TASK DETAILS:
What is needed is an exact repeat of the lines from the one holding "Figure 8f), which" through the final line of the data, with no pictures.

━━━ DATASET SECTION

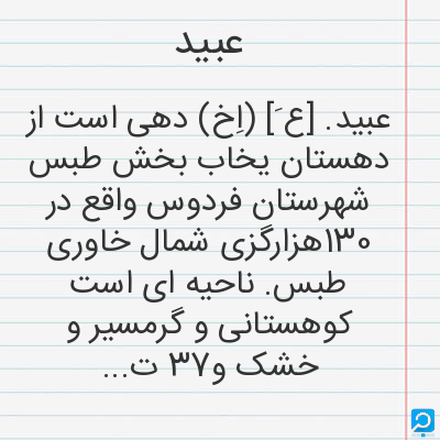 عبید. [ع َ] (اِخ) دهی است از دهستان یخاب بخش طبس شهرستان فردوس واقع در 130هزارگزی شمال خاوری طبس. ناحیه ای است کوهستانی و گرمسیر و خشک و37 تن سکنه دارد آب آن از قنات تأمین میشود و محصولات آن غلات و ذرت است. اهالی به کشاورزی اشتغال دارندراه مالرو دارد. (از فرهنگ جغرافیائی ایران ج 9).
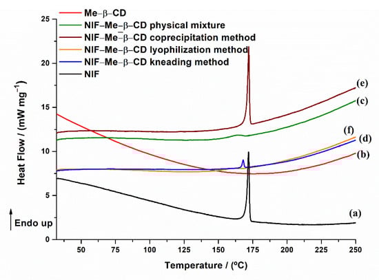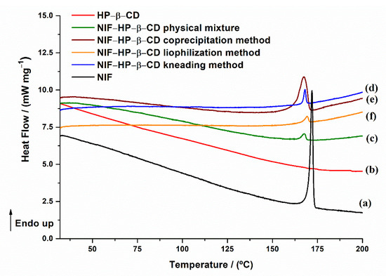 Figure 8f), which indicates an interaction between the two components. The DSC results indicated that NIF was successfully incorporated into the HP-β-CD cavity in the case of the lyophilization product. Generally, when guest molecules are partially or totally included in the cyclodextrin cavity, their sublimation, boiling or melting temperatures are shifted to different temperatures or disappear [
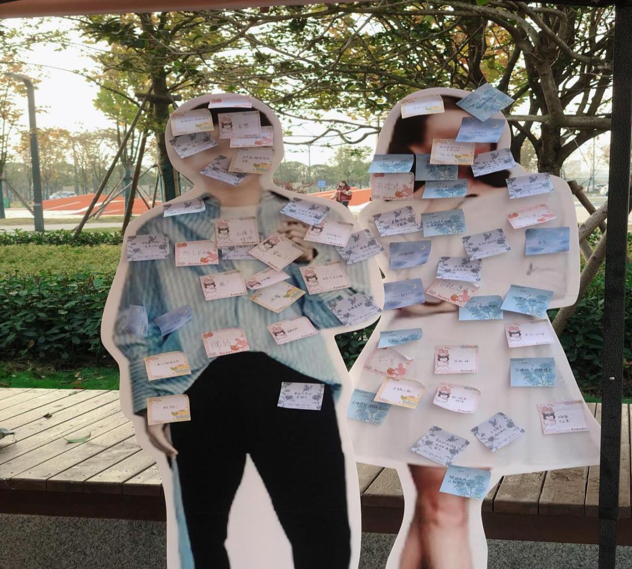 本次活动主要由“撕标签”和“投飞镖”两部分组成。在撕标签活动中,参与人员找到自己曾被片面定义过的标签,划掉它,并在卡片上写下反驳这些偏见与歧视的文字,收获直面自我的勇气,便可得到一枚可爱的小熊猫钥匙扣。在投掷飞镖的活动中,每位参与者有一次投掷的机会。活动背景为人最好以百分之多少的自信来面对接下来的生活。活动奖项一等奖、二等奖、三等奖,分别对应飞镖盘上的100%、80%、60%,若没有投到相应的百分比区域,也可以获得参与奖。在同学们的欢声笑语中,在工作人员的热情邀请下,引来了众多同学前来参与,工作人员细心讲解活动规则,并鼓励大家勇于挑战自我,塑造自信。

━━━━━━

SOLUTION TO THIS PROBLEM:
 Figure 8f), which indicates an interaction between the two components. The DSC results indicated that NIF was successfully incorporated into the HP-β-CD cavity in the case of the lyophilization product. Generally, when guest molecules are partially or totally included in the cyclodextrin cavity, their sublimation, boiling or melting temperatures are shifted to different temperatures or disappear [
 本次活动主要由“撕标签”和“投飞镖”两部分组成。在撕标签活动中,参与人员找到自己曾被片面定义过的标签,划掉它,并在卡片上写下反驳这些偏见与歧视的文字,收获直面自我的勇气,便可得到一枚可爱的小熊猫钥匙扣。在投掷飞镖的活动中,每位参与者有一次投掷的机会。活动背景为人最好以百分之多少的自信来面对接下来的生活。活动奖项一等奖、二等奖、三等奖,分别对应飞镖盘上的100%、80%、60%,若没有投到相应的百分比区域,也可以获得参与奖。在同学们的欢声笑语中,在工作人员的热情邀请下,引来了众多同学前来参与,工作人员细心讲解活动规则,并鼓励大家勇于挑战自我,塑造自信。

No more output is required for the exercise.